Have you ever thought to yourself or even said out loud, “we could never do that,” at our church? Maybe you don’t think your denomination would allow it, or your pastor wouldn’t allow it, or your church board wouldn’t allow it. Maybe you feel as though there are too many road blocks to change and you feel helpless or hopeless.

What I’ve found is that many church leaders are living within imaginary fences that they’ve constructed in their minds through either assuming the worst or building an entire reality in their minds based on one (or a couple) of bad experiences.

The truth is, you probably have more leeway to implement change at your church than you think. Here’s how…

Find the Yes

Stop looking for the no…find the yes. It’s easy to go negative and keep your eyes and mind on everything you can’t do. Anyone can to that, it takes no work, energy or leadership. Being solution oriented on the other hand is rare. I guess that’s why real leadership is rare too. You’ll find what you’re looking for.

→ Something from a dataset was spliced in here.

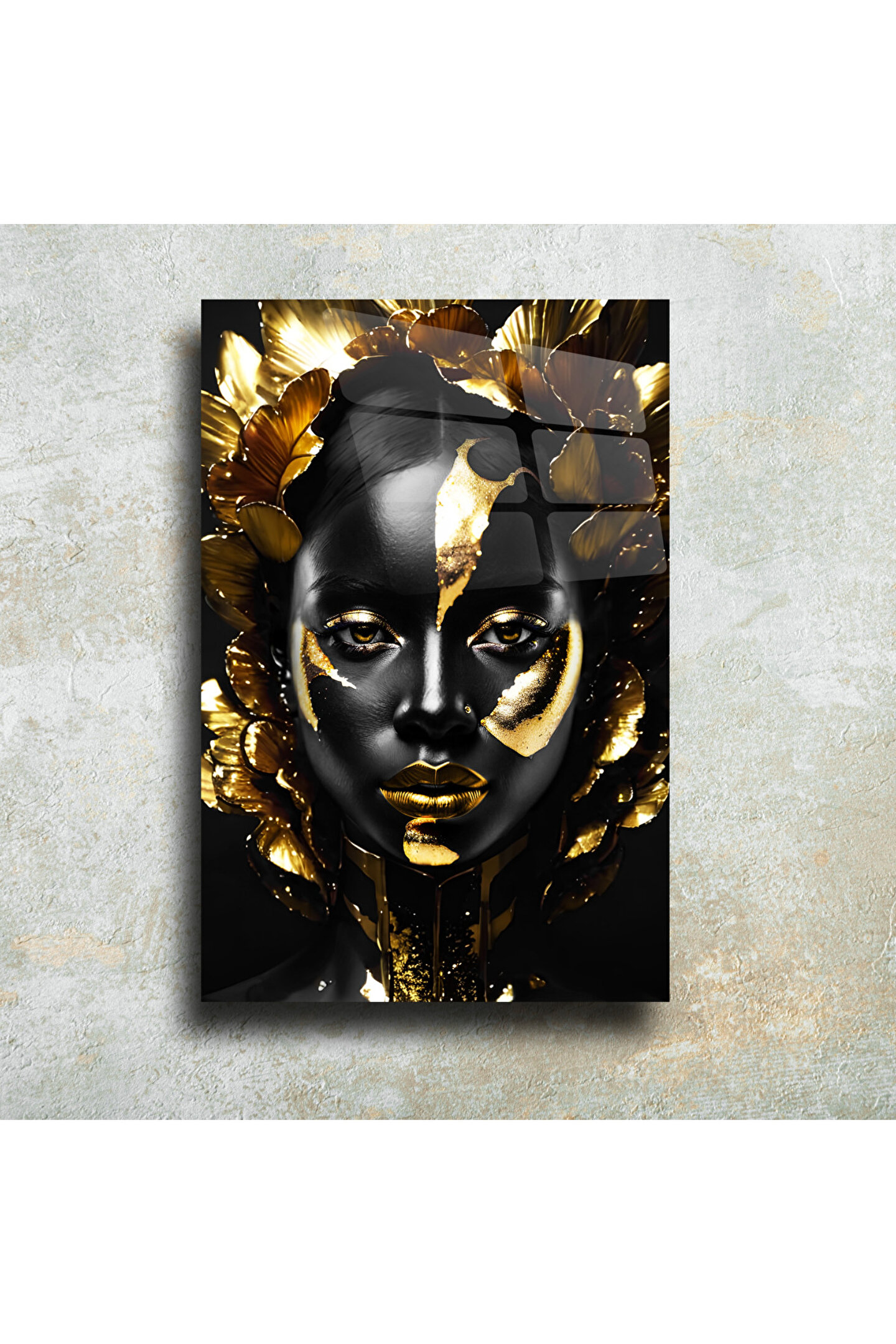 LEYLASER Gold Kadın Görseli Cam Tablo Duvar Dekoru 1

Focus on Growth Not Change

Every change you make is a criticism of the past, and no one likes to be criticized. So, focusing on or even talk about change in an anti-change environment is a recipe for disaster. Instead focus on growth, helping people spiritually grow and join Jesus on His mission to help people know Him and follow Him. You cannot follow Jesus and stay where you are. This is true personally and organizationally. So focus on growth and change will happen.

Assume the Best and Clarify

What if instead of assuming the worst about your denomination, your pastor or your church board you assumed the best and then clarified? What if you changed all of that self-talk and chose to believe that these were all people who cared about people meeting Jesus and following Jesus?

Stop talking about what’s Wrong

Words create worlds. Language builds culture. You may have a negative culture on your church team because you’ve been speaking negatively about your denomination, pastor or church board. Take personal ownership for your attitude and your words, and how they’ve contributed to the problem. And…you actually may have some sin to confess in there somewhere.

Promote the Gospel not a Method

Stop worrying about a particular ministry program, method or approach you want to take and start focusing on the Gospel. Your ministry program or method isn’t going to change the world, Jesus will. And all of us know that methods come and go. That method you love today is going to be stale in the future and someone is going to feel the same way about it that you do about old methods you’re trying to change.